Die Meinungen anderer sind sone Sache. Man weiß es nie. Meinungen sind bekanntlich wie A...löcher - jeder hat eins. Die einen sagen Nettes, weil sie schleimen wollen. Andere kritisieren Dich. Aber oft auch nur, weil sie gerne eine Meinung haben wollen und "kompetent" wirken wollen. Die ehrliche Meinungen heraus zu filtern, ist schwer. Oft spielt es eine Rolle, wen man eigentlich "packen" will und auf welche Art.
Wenn jemand zu mir sagt: "Deine Stimme klingt nicht unbedingt schön, aber irgendwas hat sie.." dann ist mir das immer noch lieber als "oh super, erinnert mich an xxxx"...
Am Ende musst Du leider hauptsächlich selbst an Dich glauben, aber auch bereit sein, an Dir zu arbeiten. Die Selbstzweifel bleiben meistens. Aber das ist auch gut für die Entwicklung. Solange man sie nicht gewinnen lässt und aufgibt.

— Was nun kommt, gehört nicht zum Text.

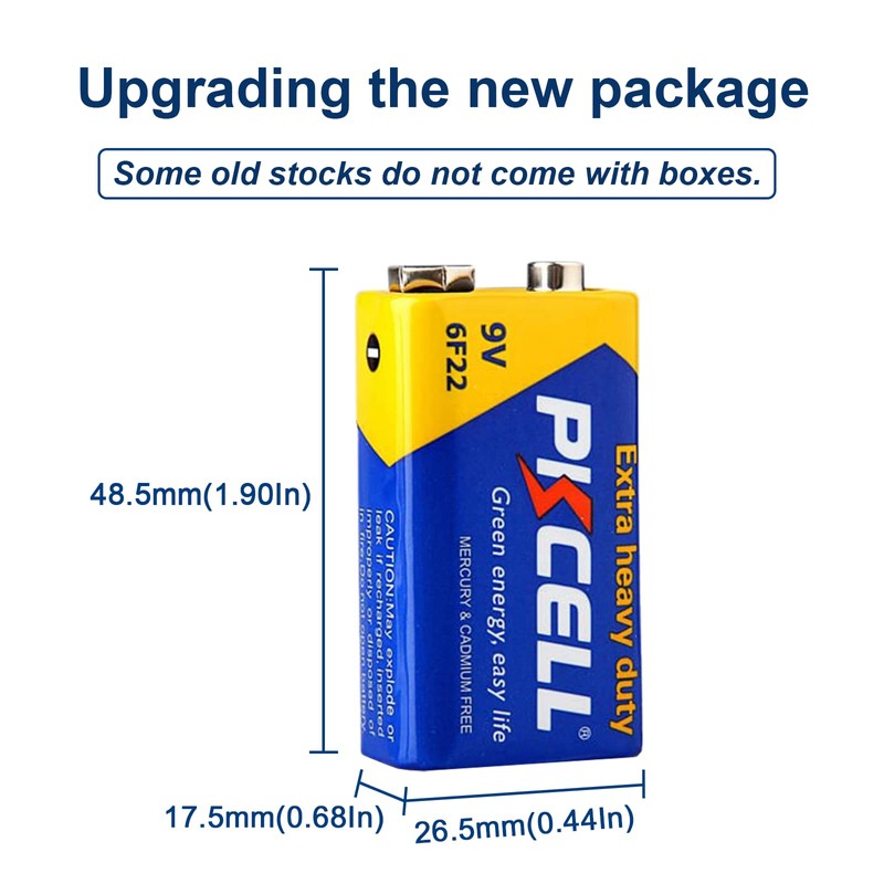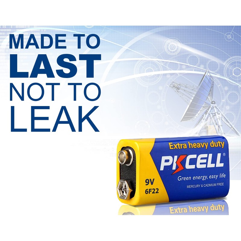 PKCELL 9V Battery Carbon Zinc for Smoke Detectors 6F22 Battery,Ultra Long-Lasting
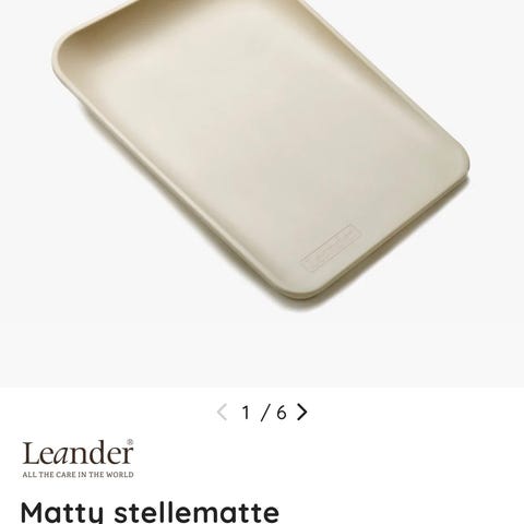 Leander stellematte med myk klut i beige farge med hvite prikker. Passer til stellebord og gir en komfortabel overflate for barnet under stelleøkter. Fargen beige.
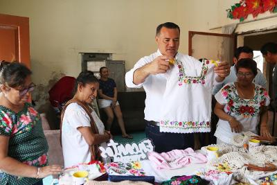 El alcalcalde con licencia, también se reunió con artesanas de Chocholá, quienes compartieron sus desafíos y necesidades.
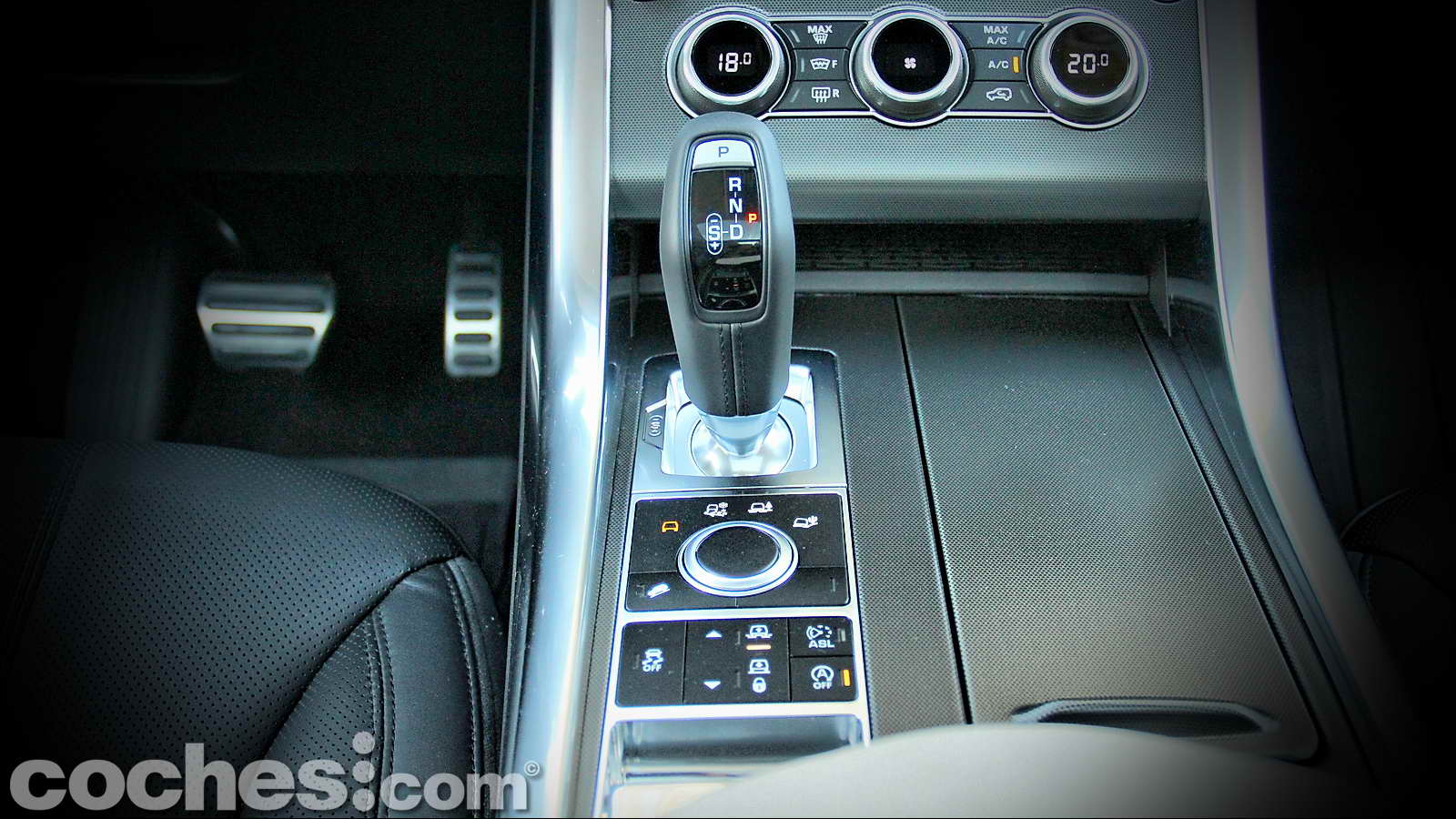 Muy a mano, y sobre el túnel central encontramos la palanca que gobierna el cambio automático de 8 velocidades, de origen ZF. Es de agradecer su presencia en un vehículo más deportivo que sus hermanos de gama, frente a la ruleta ya conocida (compartida también con algunos modelos de Jaguar), permitiendo elegir más rápidamente la marcha a engranar o su manejo secuencial.
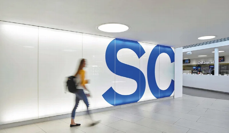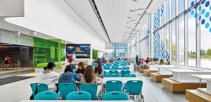 Главная цель проекта заключалась в том, чтобы немедленно открыть здание для естественного света и внешних видов, создав приятные дружелюбные места, где студенты могут учиться, сотрудничать и общаться. Интерьер сочетается с тщательно продуманной системой навигации — своеобразными крупными графическими мотивами, которые одновременно служат декоративными элементами. Цветные стены и синие гороховые узоры, появляющиеся также на окнах фасада главного здания, стали фирменным знаком Gow Hastings Architects, ранее спроектировавших другие образовательные здания в Канаде, отличающиеся хорошо выверенными пространствами с использованием света и цвета. Система крупных LED-светильников также призвана идентифицировать транзитные зоны, центральные коллаборативные пространства и зону кафетерия, все из которых выходят на обширную территорию.
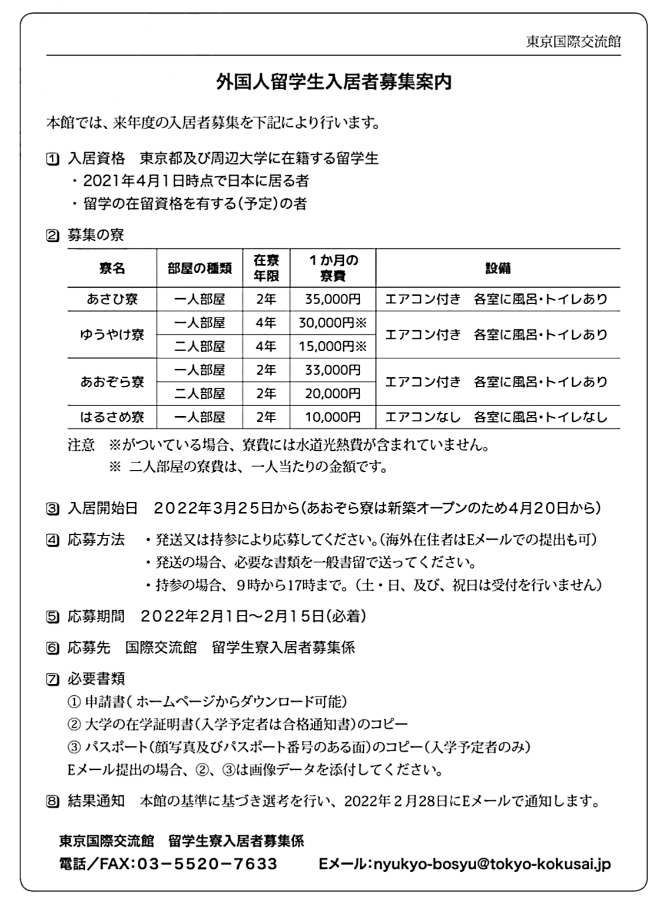 問題14 右のページは、あるホームページに載っている留学生寮の入居者募集案内である。下の問いに対する答えとして最もよいものを、1・2・3・4から一つ選びなさい。(2問×4点=8点)

Für mich gilt als Maßstab für meine Selsbteinschätzung hauptsächlich die direkte Interaktion und Reaktion mit dem / des Publikum(s) , ob ich es gut mache oder nicht. Wenn ich spüre "sie mögen es", dann ist mir die einzelnen Meinungen hinterher relativ egal - ob positiv oder negativ.